Les aubracs en transhumance assurent revenu et tranquillité
Dans la vallée de la Truyère, au nord du plateau Aubrac, Olivier Malpel a placé l’estive au cœur de son système. Il voit la transhumance comme un véritable atout. Cette pratique lui permet notamment de se dégager du temps pour les travaux de fenaison et de récolte, sans pénaliser ses résultats économiques.

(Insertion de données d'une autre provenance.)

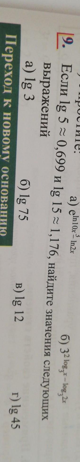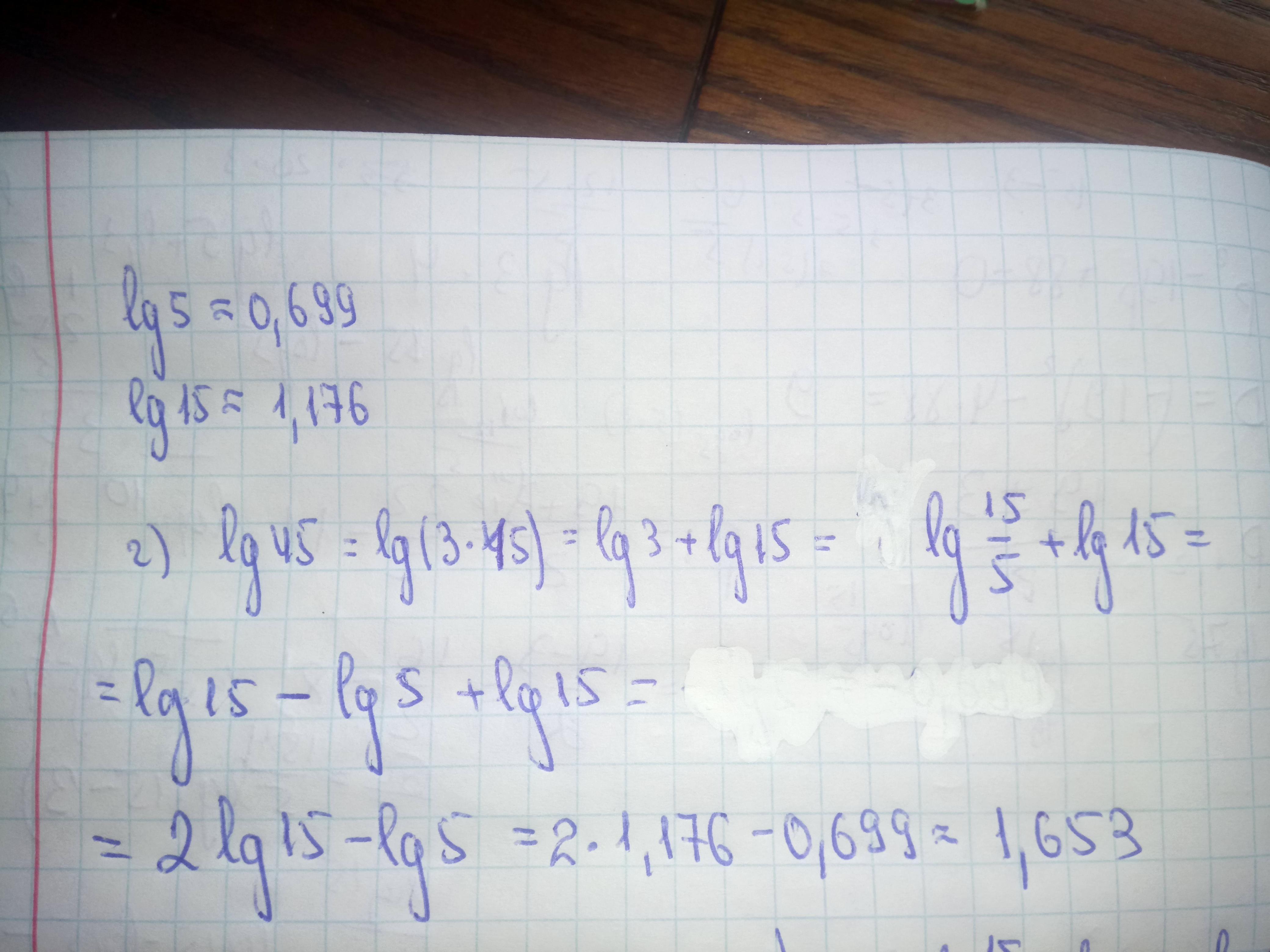 lg45=lg(15*3)=lg(15*15/5)=lg15+lg15-lg5=2lg15-lg5≈2*1,176-0.699=1/653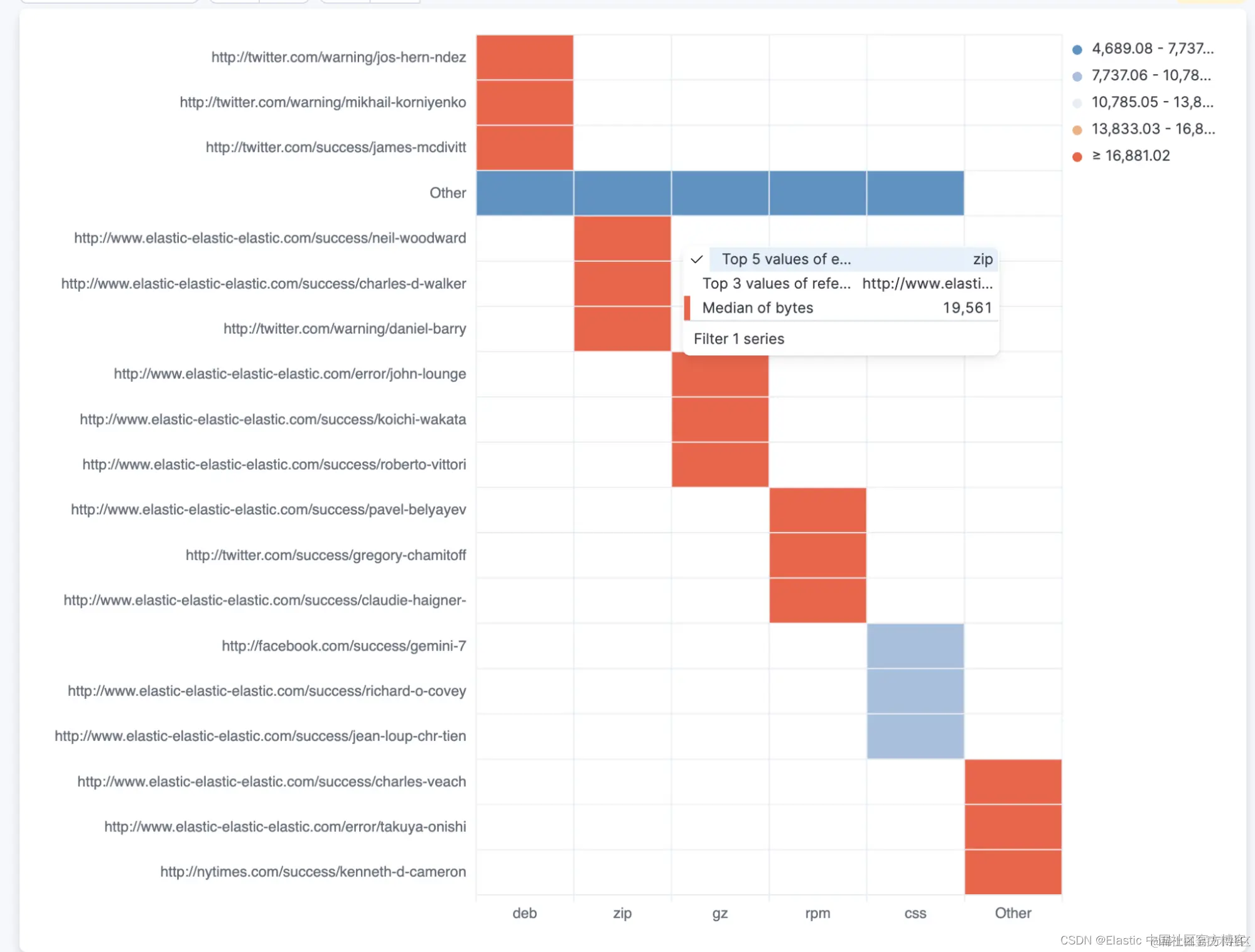 使用工具提示操作的多值过滤已针对 XY 图表启用,我们现在也针对热图和分区图启用它。 你现在可以同时按多个值过滤这些值,从而更轻松地在数据中找到所需的见解。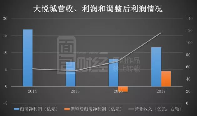 從上圖可以看到,經調整后,大悅城2016年的歸母凈利潤為虧損1.54億元,2017年則為盈利4.5億元,較調整前歸母凈利潤減少了近六成。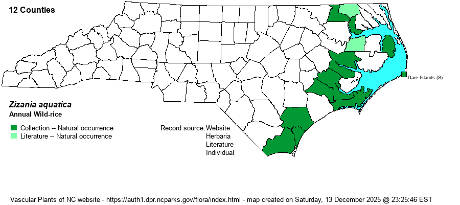 | Identification | Annual Wild-rice is very distinct. Plants usually emerge from shallow water, the stems typically reaching 6-9 feet tall -- our tallest annual grass. Leaves are 2-3 feet long and up to 2 inches wide. The inflorescence is fairly open and 1-2 feet long, the lower branches arching while the upper branches are strongly ascending. It is a good food for waterfowl, and it is the only known foodplant for caterpillars of the Rare Skipper (Problema bulenta) in NC. | |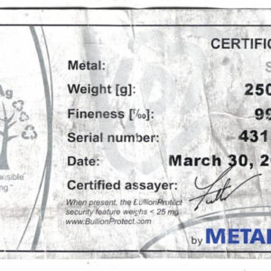 Bullion 250 Gram Silver Bar Metalor In Near Mint Condition.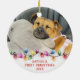 Crie um ornamento de fotos comemorativas comemorativas de manutenção para o Primeiro Natal de um animal de estimação (ou outro texto personalizado) com luzes de Natal coloridas e seu texto personalizado. O design é duplicado no verso com a sua opção de adicionar uma foto diferente. A amostra mostra o PRIMEIRO NATAL do NAME e o Ano. OPÇÕES: A amostra é mostrada no ornamento cerâmico redondo—outros estilos de ornamento estão disponíveis na página de pedidos. ASSISTÊNCIA: Para obter ajuda com a modificação ou personalização do design, alteração de cor, redimensionamento, transferência do design para outro produto ou, se você quiser coordenar itens, entre em contato com o designer ANTES DE PEDIR através da guia MENSAGEM de bate-papo Zazzle abaixo ou envie um email para makeitaboutyoustore@gmail.com.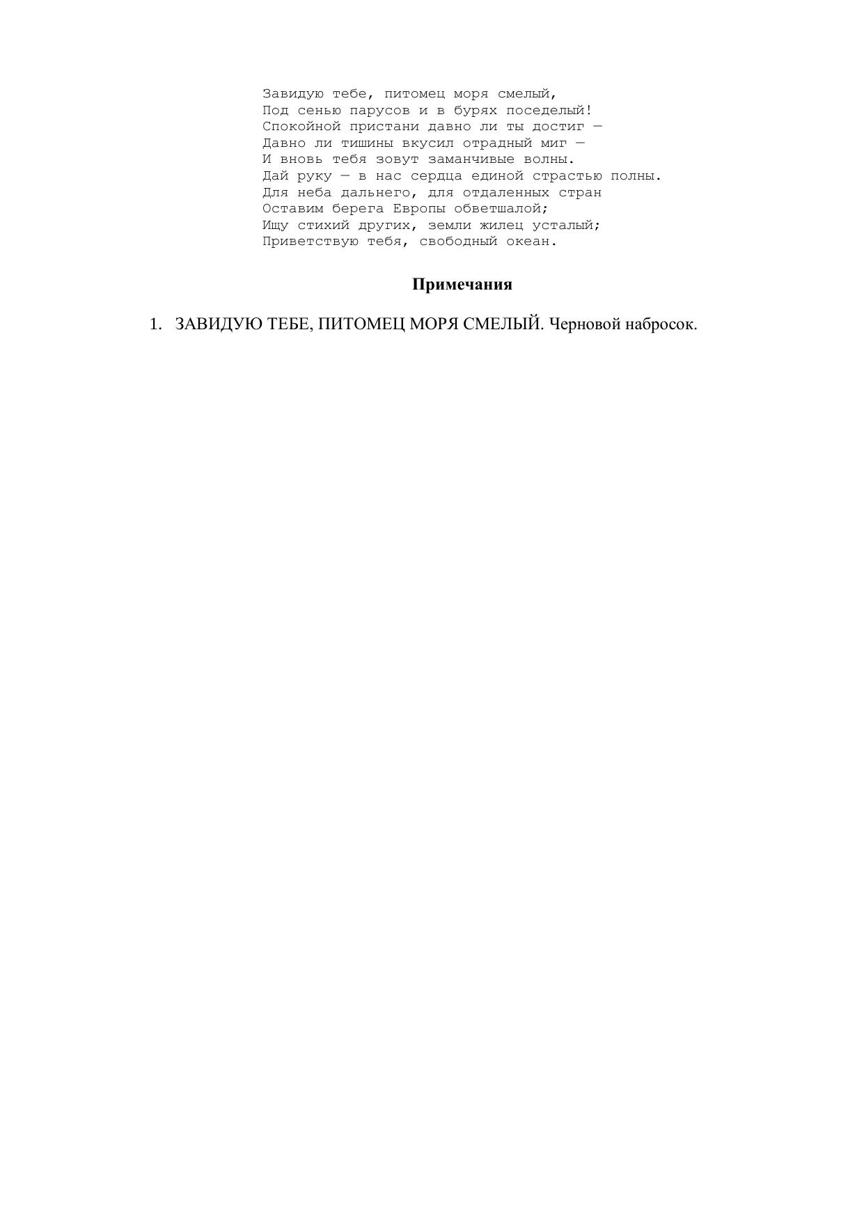 Завидую тебе питомец моря смелый

Dans la vallée de la Truyère, au nord du plateau Aubrac, Olivier Malpel a placé l’estive au cœur de son système. Il voit la transhumance comme un véritable atout. Cette pratique lui permet notamment de se dégager du temps pour les travaux de fenaison et de récolte, sans pénaliser ses résultats économiques.

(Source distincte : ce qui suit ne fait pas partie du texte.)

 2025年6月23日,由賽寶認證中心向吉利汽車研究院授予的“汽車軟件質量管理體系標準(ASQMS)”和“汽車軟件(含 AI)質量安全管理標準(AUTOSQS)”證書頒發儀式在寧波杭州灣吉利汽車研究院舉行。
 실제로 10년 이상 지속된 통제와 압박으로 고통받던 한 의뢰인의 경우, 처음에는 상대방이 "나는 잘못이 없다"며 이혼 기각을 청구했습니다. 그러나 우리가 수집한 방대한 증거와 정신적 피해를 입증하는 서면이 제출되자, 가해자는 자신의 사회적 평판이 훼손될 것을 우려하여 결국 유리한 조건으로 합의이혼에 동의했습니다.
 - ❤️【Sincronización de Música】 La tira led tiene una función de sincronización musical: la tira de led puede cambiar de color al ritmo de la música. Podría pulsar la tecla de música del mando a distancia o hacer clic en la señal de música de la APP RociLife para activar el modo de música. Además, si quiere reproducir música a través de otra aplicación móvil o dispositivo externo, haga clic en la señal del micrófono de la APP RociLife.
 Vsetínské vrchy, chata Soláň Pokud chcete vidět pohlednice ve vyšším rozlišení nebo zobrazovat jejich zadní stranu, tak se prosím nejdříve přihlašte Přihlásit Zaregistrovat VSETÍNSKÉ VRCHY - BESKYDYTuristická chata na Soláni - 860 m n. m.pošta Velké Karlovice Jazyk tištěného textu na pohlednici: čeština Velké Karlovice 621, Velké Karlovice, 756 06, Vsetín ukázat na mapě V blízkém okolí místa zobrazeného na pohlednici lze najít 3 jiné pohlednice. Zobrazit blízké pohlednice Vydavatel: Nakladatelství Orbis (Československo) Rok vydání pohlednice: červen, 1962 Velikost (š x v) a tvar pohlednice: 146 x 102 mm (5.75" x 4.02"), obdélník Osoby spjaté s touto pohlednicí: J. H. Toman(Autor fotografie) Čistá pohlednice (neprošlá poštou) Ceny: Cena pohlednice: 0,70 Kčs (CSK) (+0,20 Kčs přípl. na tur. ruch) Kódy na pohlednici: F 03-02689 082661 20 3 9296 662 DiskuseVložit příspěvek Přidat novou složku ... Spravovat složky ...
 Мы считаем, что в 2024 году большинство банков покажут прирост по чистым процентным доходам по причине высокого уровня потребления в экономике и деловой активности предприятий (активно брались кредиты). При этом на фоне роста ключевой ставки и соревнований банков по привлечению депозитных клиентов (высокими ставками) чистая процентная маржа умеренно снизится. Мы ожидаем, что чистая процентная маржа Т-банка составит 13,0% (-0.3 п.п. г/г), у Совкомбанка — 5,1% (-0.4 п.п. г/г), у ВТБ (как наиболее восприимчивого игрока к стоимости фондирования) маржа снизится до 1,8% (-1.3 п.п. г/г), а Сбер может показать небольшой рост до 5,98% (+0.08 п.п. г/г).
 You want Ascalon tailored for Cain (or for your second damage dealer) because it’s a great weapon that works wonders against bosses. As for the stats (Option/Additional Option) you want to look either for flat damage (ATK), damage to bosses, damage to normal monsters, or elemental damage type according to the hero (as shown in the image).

Depuis 2005, Olivier Malpel, situé à Chaudes-Aigues dans le Cantal, pratique la transhumance. Il fait migrer son troupeau dans les montagnes du nord du Cantal et du sud-ouest du Puy-de-Dôme. À la question pourquoi l’estive ? Olivier Malpel répond malicieusement : « pour les vacances ! » avant d’enchaîner, « le choix de placer en montagne toutes les vaches et doublonnes permet de me libérer du temps sur l’exploitation pour me consacrer à la récolte des fourrages et aux moissons sans me tracasser du soin quotidien aux animaux. Les estives étant bien fournies en herbe et en eau pour l’abreuvement, j’y trouve économiquement mon compte car les charges de transport, de gardiennage et de location sont contenues », explique-t-il. Seuls quelques couples, bourrettes et bourrets que l’éleveur prépare pour les ventes d’automne restent sur un site situé à 3 kilomètres.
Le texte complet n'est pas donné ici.